* [PROBLEM TO SOLVE]:
Reproduce, exactly and in full, only the lines below from the one containing "Airport in Lukla." through the one containing "It's the end".

* [PROVIDED MATERIAL]:
---*---

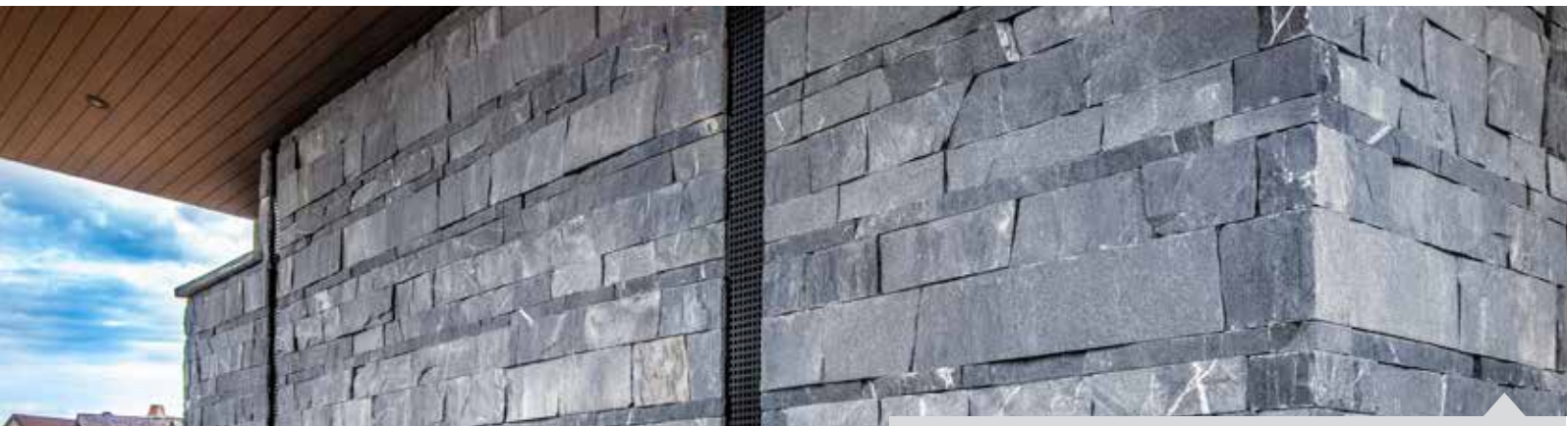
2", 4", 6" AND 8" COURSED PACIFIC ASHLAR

---*---

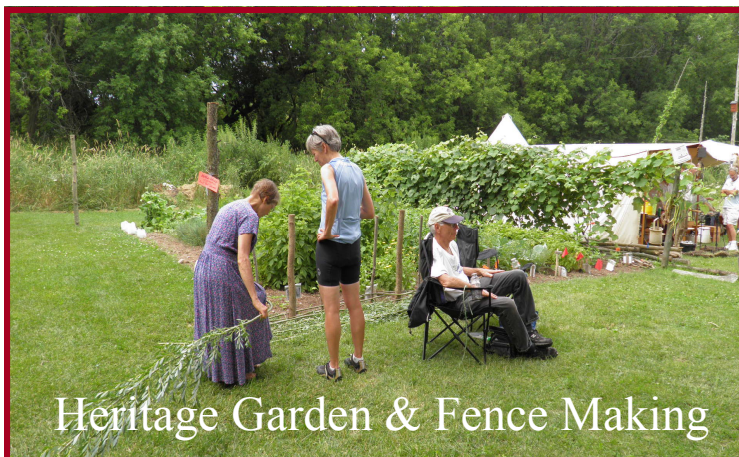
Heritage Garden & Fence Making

---*---

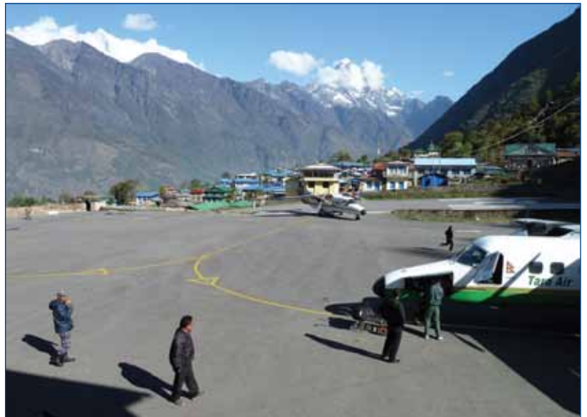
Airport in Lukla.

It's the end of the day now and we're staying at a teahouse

---*---

* [TASK ANSWER]:
Airport in Lukla.

It's the end of the day now and we're staying at a teahouse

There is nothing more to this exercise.